───── SUPPLIED MATERIAL ─────
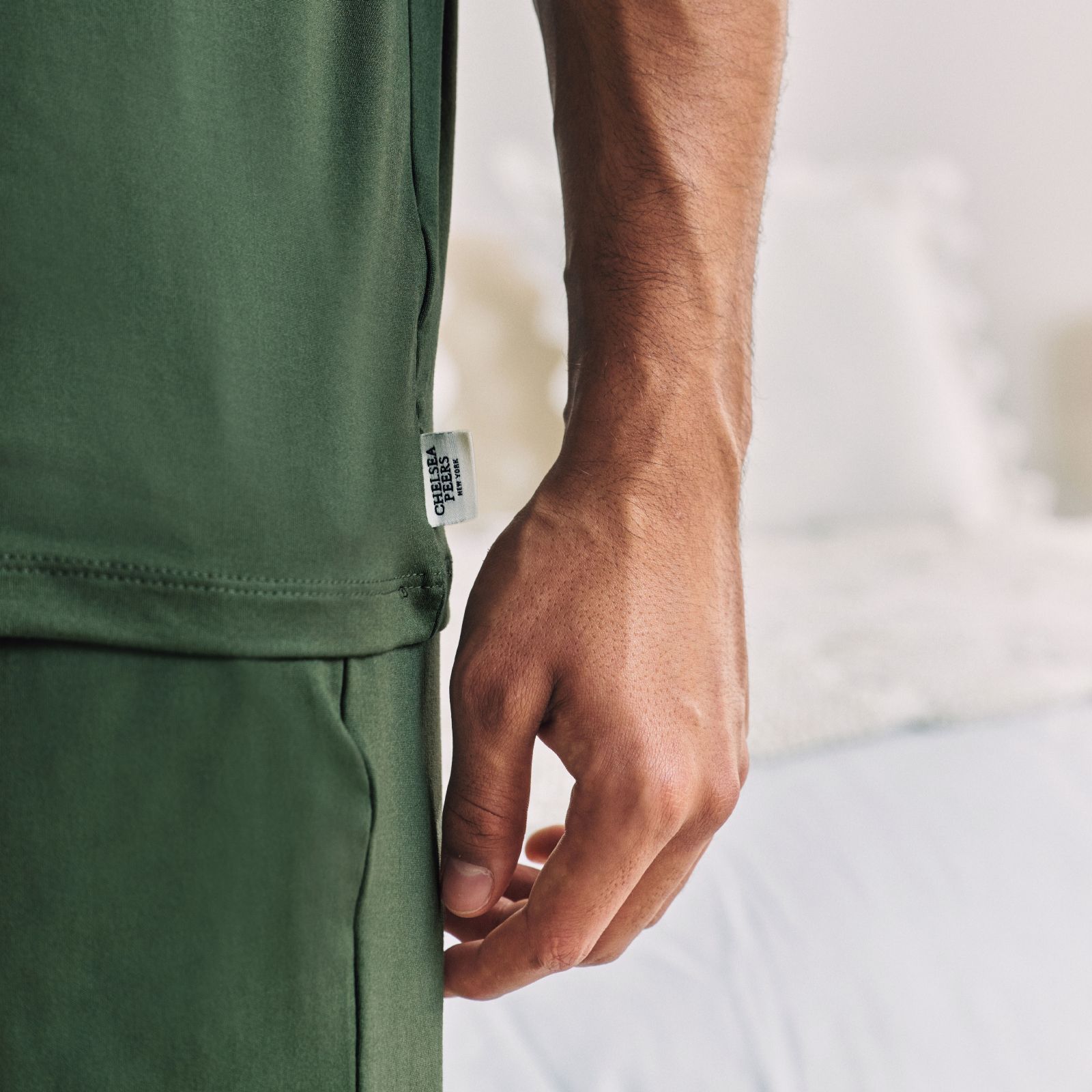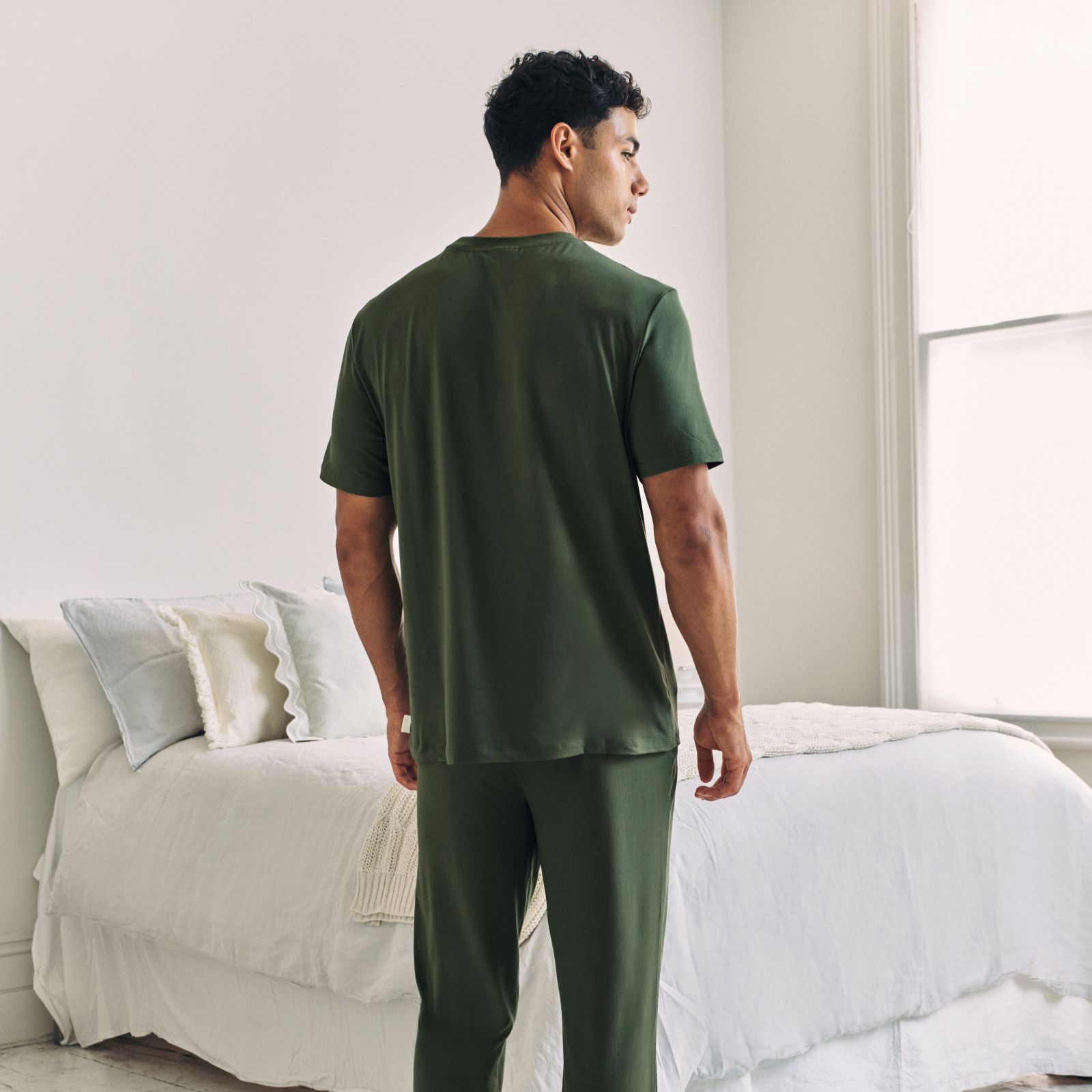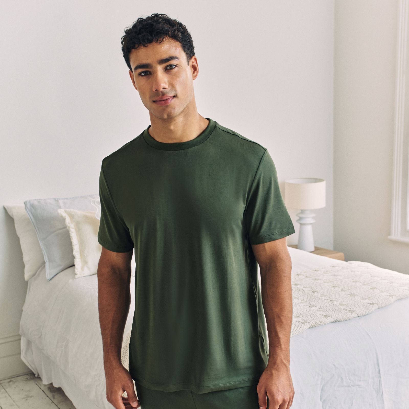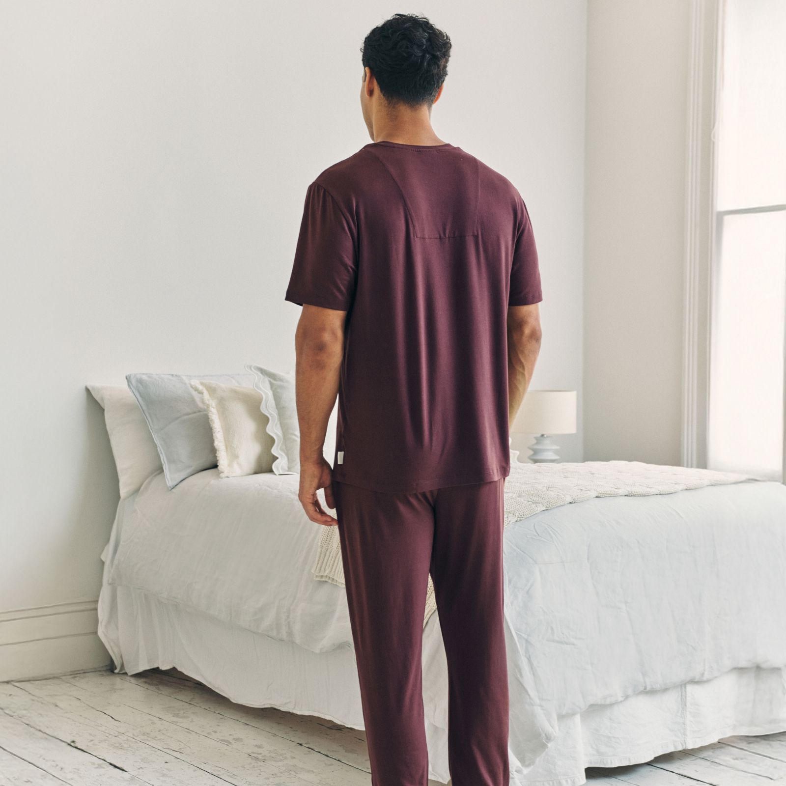 Create a relaxed vibe with the Chelsea Peers men's crew neck T-shirt and joggers pyjama set, designed in their signature super-soft fibre knit jersey for all-day comfort. Ideal for lounging at home or enjoying a laid-back weekend, this matching set combines a classic crew neck tee with long cuffed bottoms for an effortlessly stylish look. Pair with snug socks or layer with a hoodie for the ultimate in downtime dressing.
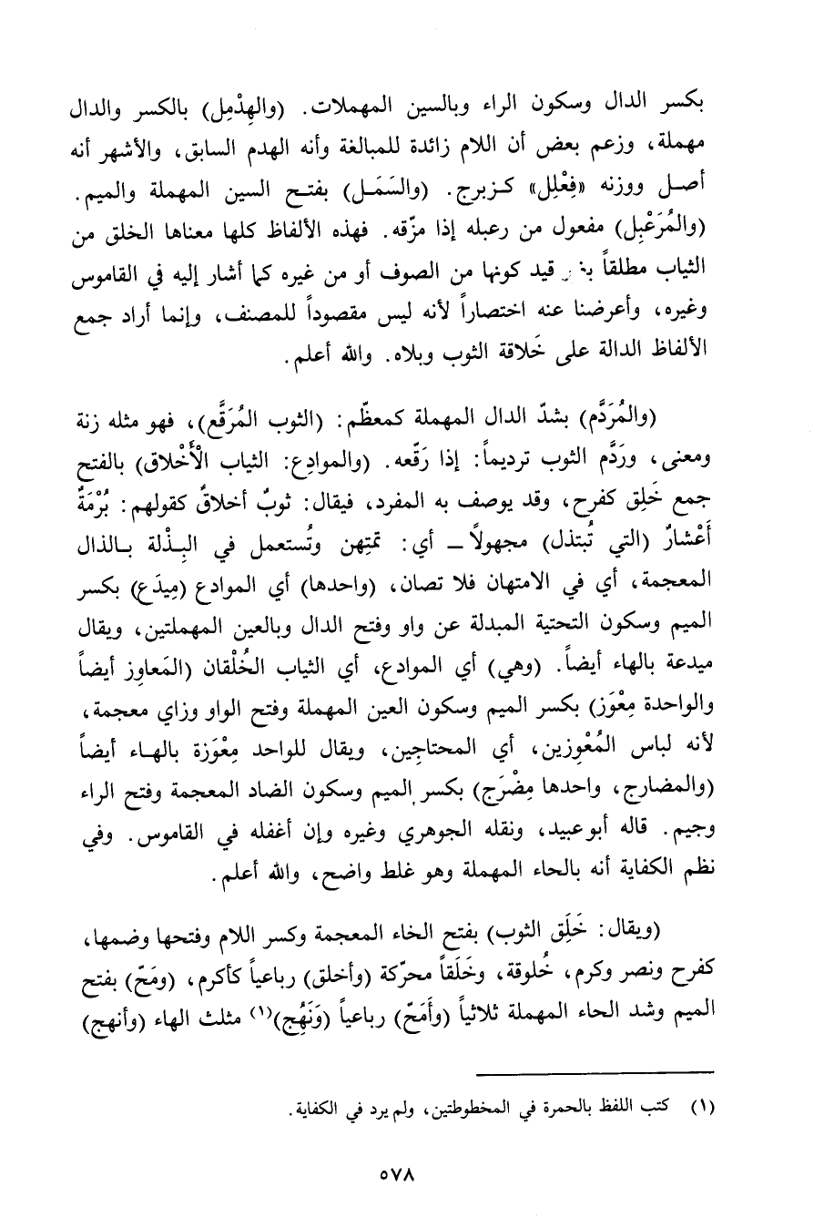 بكسر الدال وسكون الراء وبالسين المهملات. (والهدمل) بالكسر والدال مهملة, وزعم بعض أن اللام زائدة للمبالغة وأنه الهدم السابق, والأشهر أنه أصل ووزنه «فعلل» كزبرج. (والسمل) بفتح السين المهملة والميم. (والمرعبل) مفعول من رعبله إذا مزقه. فهذه الألفاظ كلها معناها الخلق من الثياب مطلقًا بغير قيد كونها من الصوف أو من غيره كما أشار إليه في القاموس وغيره, وأعرضنا عنه اختصارًا لأنه ليس مقصودًا للمصنف, وإنما أراد جمع الألفاظ الدالة على خلافة الثوب وبلاه. والله أعلم.
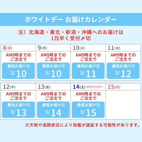 - 2~3日で発送(お届け日指定がない場合は3月10日~13日着)
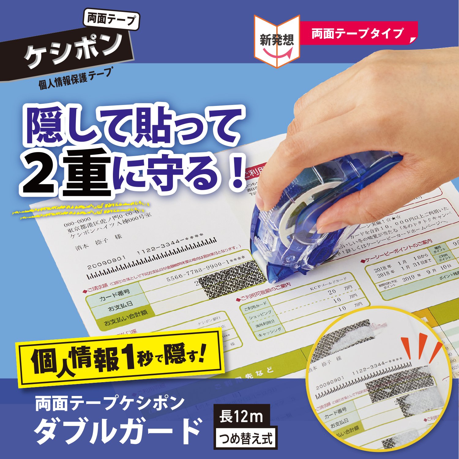強力な両面テープとケシポン柄で隠して貼って、ダブルガードでしっかり個人情報保護 規格 : 両面テープケシポン / テープ仕様 : 超強力にはるタイプ+ケシポン柄 外形寸法 : W100×D28×H60mm / テープ : 幅=15mm、長さ=12m / 使用回数 : 約200回 本体カラー : ブルー / 特殊アルファベットパターン : ブラック タイプ : テープ交換式 (つめ替え式) / 材質 : ABS
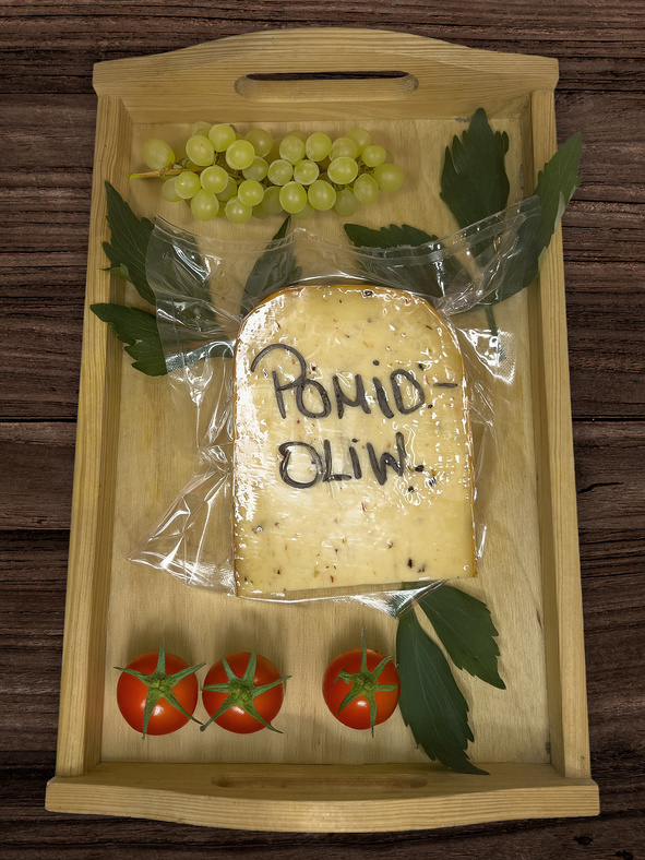 • Ser krowi z pomidorami i oliwkami to oryginalny ser holenderski o intensywnym smaku. Idealny na deskę serów, do sałatek i dań kuchni śródziemnomorskiej. Ręcznie krojony, z naturalnych składników, bez sztucznych dodatków.
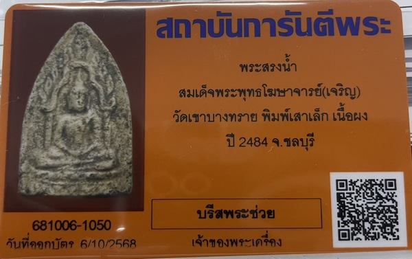 พระสมเด็จสรงน้ำ สมเด็จพระพุทธโฆษาจาร์ย(เจริญ) วัดเขาบางทราย พิมพ์เสาเล็ก เนื้อผง ปี 2484 จ.ชลบุรี พร้อมบัตร G-PRA
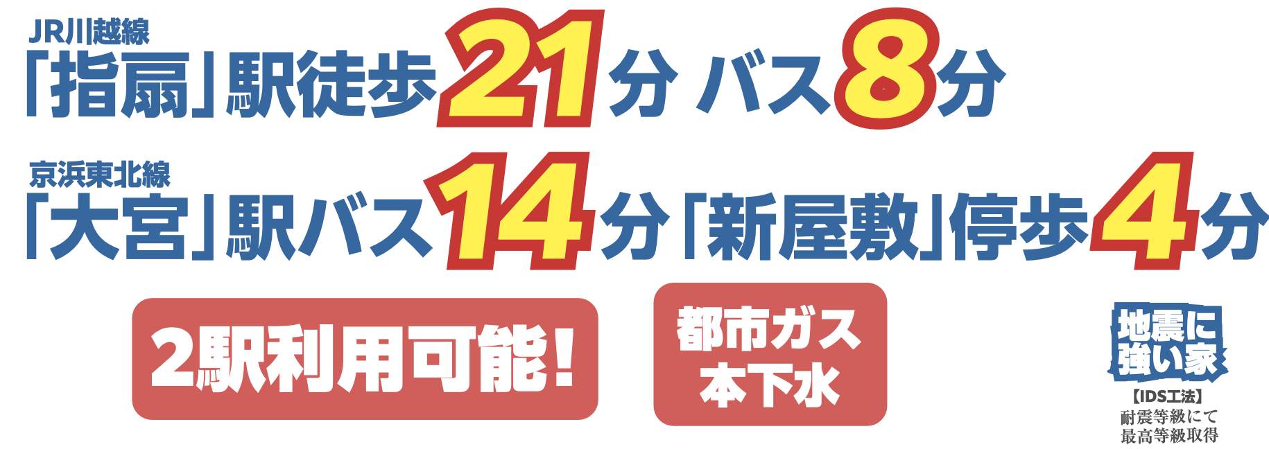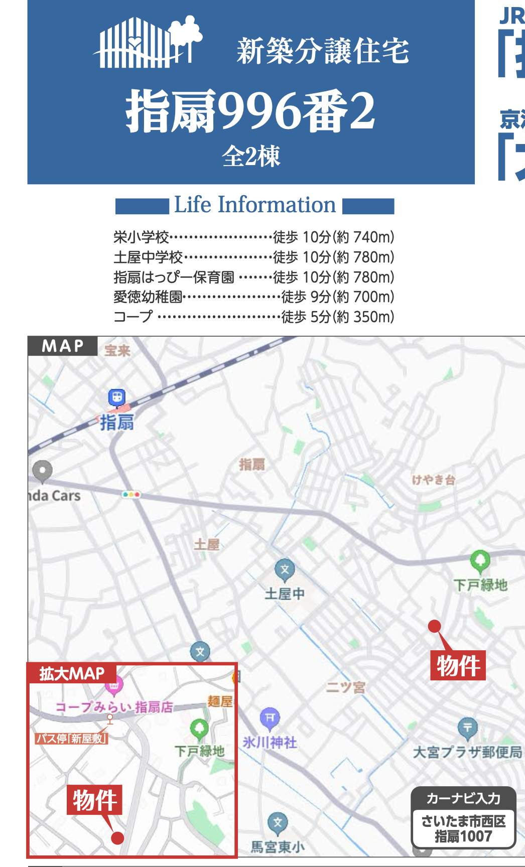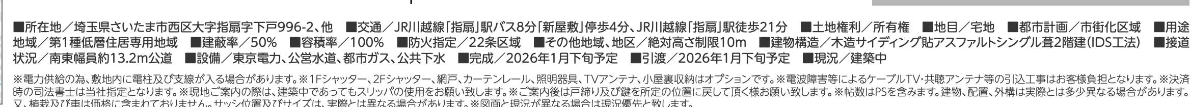 | 交通 | JR川越線指扇駅 徒歩21分 バス(新屋敷 乗8分 停歩4分) JR京浜東北・根岸線大宮駅 バス(新屋敷 乗14分 停歩4分) |
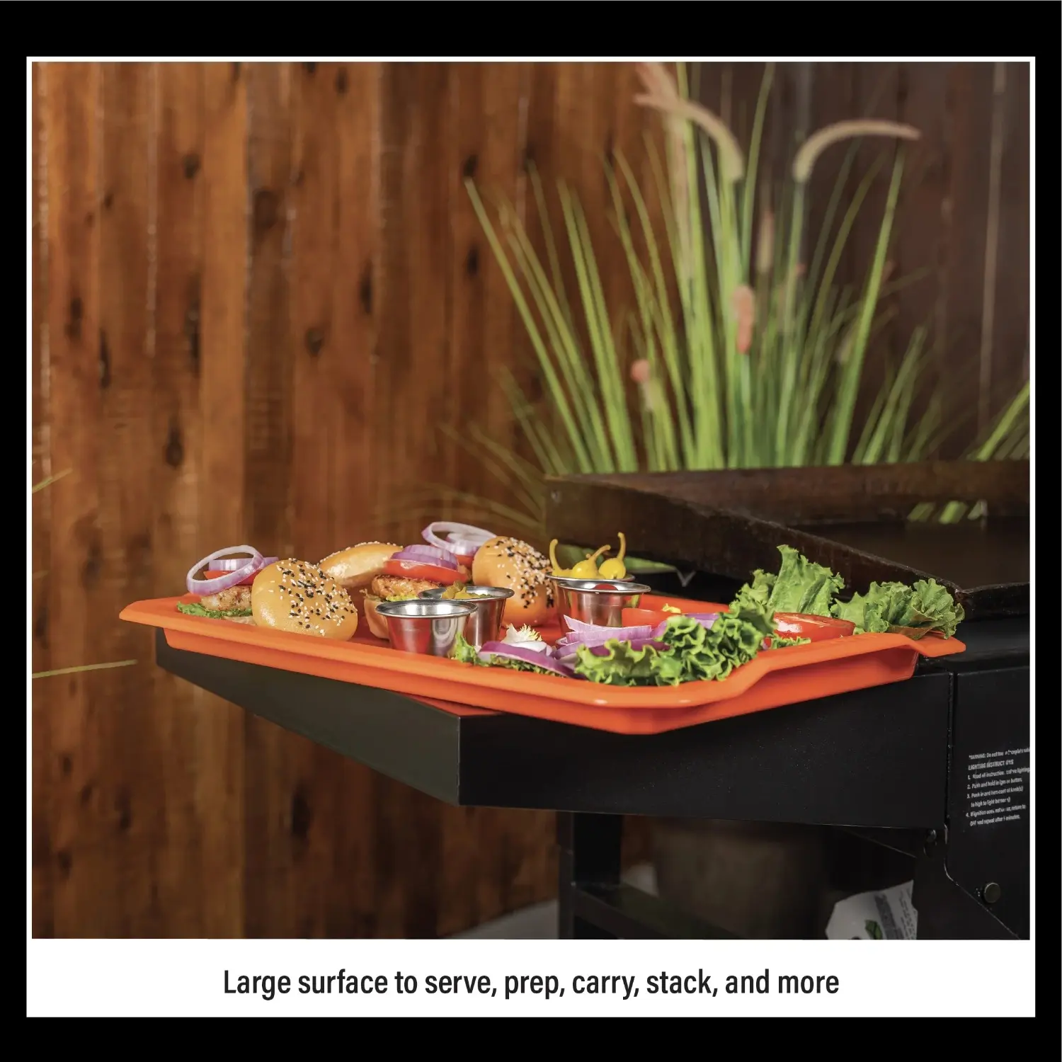 Have designated trays that fit perfectly on the side shelves of your griddle so you can start using space more efficiently. Do you often have to trek back into the house to grab plates of food for the griddle and get frustrated when you run out of space? Minimize that frustration with the Serving tray set designed with the ultimate griddle lover in mind. Measuring 19" by 13.5," these trays will give you plenty of space to prepare, serve, and transfer large amounts of food with ease. Put a tray on each side; one for food that needs cooking, and the other to place cooked food that's ready to be served. Each tray has two handles that make it comfortable to carry. Easily clean the trays by running them in the dishwasher after you've finished your griddle feast.
─────
- _DIRECTIONS_:
From the first line to the last, repeat the records exactly, leaving out the pictures.

- _YOUR SOLUTION_:
 Create a relaxed vibe with the Chelsea Peers men's crew neck T-shirt and joggers pyjama set, designed in their signature super-soft fibre knit jersey for all-day comfort. Ideal for lounging at home or enjoying a laid-back weekend, this matching set combines a classic crew neck tee with long cuffed bottoms for an effortlessly stylish look. Pair with snug socks or layer with a hoodie for the ultimate in downtime dressing.
 بكسر الدال وسكون الراء وبالسين المهملات. (والهدمل) بالكسر والدال مهملة, وزعم بعض أن اللام زائدة للمبالغة وأنه الهدم السابق, والأشهر أنه أصل ووزنه «فعلل» كزبرج. (والسمل) بفتح السين المهملة والميم. (والمرعبل) مفعول من رعبله إذا مزقه. فهذه الألفاظ كلها معناها الخلق من الثياب مطلقًا بغير قيد كونها من الصوف أو من غيره كما أشار إليه في القاموس وغيره, وأعرضنا عنه اختصارًا لأنه ليس مقصودًا للمصنف, وإنما أراد جمع الألفاظ الدالة على خلافة الثوب وبلاه. والله أعلم.
 - 2~3日で発送(お届け日指定がない場合は3月10日~13日着)
強力な両面テープとケシポン柄で隠して貼って、ダブルガードでしっかり個人情報保護 規格 : 両面テープケシポン / テープ仕様 : 超強力にはるタイプ+ケシポン柄 外形寸法 : W100×D28×H60mm / テープ : 幅=15mm、長さ=12m / 使用回数 : 約200回 本体カラー : ブルー / 特殊アルファベットパターン : ブラック タイプ : テープ交換式 (つめ替え式) / 材質 : ABS
 • Ser krowi z pomidorami i oliwkami to oryginalny ser holenderski o intensywnym smaku. Idealny na deskę serów, do sałatek i dań kuchni śródziemnomorskiej. Ręcznie krojony, z naturalnych składników, bez sztucznych dodatków.
 พระสมเด็จสรงน้ำ สมเด็จพระพุทธโฆษาจาร์ย(เจริญ) วัดเขาบางทราย พิมพ์เสาเล็ก เนื้อผง ปี 2484 จ.ชลบุรี พร้อมบัตร G-PRA
 | 交通 | JR川越線指扇駅 徒歩21分 バス(新屋敷 乗8分 停歩4分) JR京浜東北・根岸線大宮駅 バス(新屋敷 乗14分 停歩4分) |
 Have designated trays that fit perfectly on the side shelves of your griddle so you can start using space more efficiently. Do you often have to trek back into the house to grab plates of food for the griddle and get frustrated when you run out of space? Minimize that frustration with the Serving tray set designed with the ultimate griddle lover in mind. Measuring 19" by 13.5," these trays will give you plenty of space to prepare, serve, and transfer large amounts of food with ease. Put a tray on each side; one for food that needs cooking, and the other to place cooked food that's ready to be served. Each tray has two handles that make it comfortable to carry. Easily clean the trays by running them in the dishwasher after you've finished your griddle feast.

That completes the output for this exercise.